OpenAI Announces ChatGPT’s New Abilities: Speaking, Listening, and Image Processing!


OpenAI has introduced a significant update to ChatGPT, equipping it with the ability to understand spoken words, respond with a synthetic voice, and process images. This marks the most substantial enhancement since the introduction of GPT-4. Users can now engage in voice conversations via ChatGPT’s mobile app, selecting from five different synthetic voices for the bot’s responses. Additionally, users can share images with ChatGPT and even highlight specific areas of interest or request analysis, such as identifying types of clouds.

These updates are set to be gradually rolled out to paying users over the next two weeks. While voice functionality will be limited to the iOS and Android apps, image processing capabilities will be accessible on all platforms.

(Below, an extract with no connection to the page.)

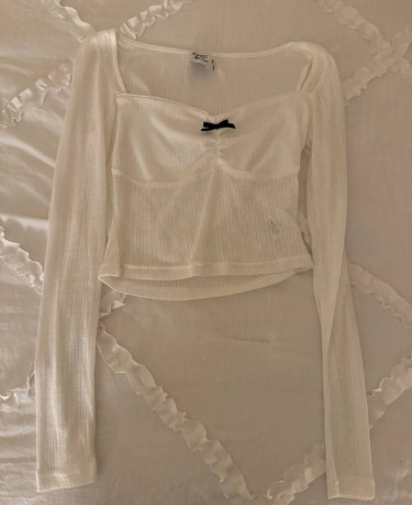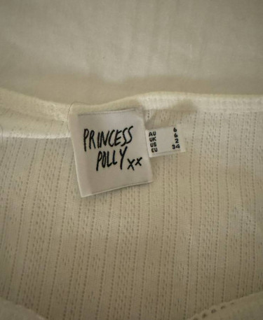 Princess Polly White Long Sleeve Shirt with Black Bow, Size 2, Worn Once

This development comes in the midst of intensifying competition in the chatbot arena, with industry leaders like OpenAI, Microsoft, Google, and Anthropic vying to enhance their offerings. Major tech companies are not only launching new chatbot applications but also introducing new features. For instance, Google has unveiled numerous updates to its Bard chatbot, and Microsoft has integrated visual search into Bing.


Earlier this year, Microsoft significantly bolstered its investment in OpenAI with an additional $10 billion, marking it as the largest AI investment of the year. In April, OpenAI reportedly concluded a $300 million share sale, valuing the company between $27 billion and $29 billion, with backing from firms like Sequoia Capital and Andreessen Horowitz.

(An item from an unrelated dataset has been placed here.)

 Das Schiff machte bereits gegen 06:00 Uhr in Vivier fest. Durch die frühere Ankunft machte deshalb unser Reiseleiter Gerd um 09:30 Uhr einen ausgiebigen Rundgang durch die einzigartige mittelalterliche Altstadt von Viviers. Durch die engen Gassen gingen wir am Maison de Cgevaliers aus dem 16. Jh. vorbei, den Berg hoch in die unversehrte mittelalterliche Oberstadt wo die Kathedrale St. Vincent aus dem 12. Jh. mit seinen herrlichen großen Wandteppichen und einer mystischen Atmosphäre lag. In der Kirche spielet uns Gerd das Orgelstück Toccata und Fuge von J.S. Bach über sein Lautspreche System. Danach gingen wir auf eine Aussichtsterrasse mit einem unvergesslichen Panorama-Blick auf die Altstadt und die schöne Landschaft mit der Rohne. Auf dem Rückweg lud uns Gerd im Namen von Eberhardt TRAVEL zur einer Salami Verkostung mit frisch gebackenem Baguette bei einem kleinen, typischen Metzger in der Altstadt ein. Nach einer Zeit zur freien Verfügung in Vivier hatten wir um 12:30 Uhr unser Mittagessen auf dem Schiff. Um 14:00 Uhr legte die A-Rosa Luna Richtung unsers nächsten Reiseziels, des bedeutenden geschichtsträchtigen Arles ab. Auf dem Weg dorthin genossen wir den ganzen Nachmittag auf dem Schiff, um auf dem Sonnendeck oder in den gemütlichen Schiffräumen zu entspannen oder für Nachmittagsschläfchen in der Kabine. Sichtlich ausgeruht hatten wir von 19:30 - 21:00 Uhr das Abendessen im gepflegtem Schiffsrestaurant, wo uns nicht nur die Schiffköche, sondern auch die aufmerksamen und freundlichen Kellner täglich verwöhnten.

There are concerns raised by experts regarding AI-generated synthetic voices. While they enhance user experience, they also have the potential to facilitate more convincing deepfakes. Deepfakes have been explored by cyber threat actors and researchers for their potential in breaching cybersecurity systems.

OpenAI has acknowledged these concerns in its announcement, clarifying that the synthetic voices were “created with voice actors we have directly worked with,” rather than sourced from unknown individuals.

However, the release provides limited details about how OpenAI plans to use consumer voice inputs and how they intend to secure this data if utilized. OpenAI has not immediately responded to requests for further information. According to the company’s terms of service, consumers own their inputs “to the extent permitted by applicable law.”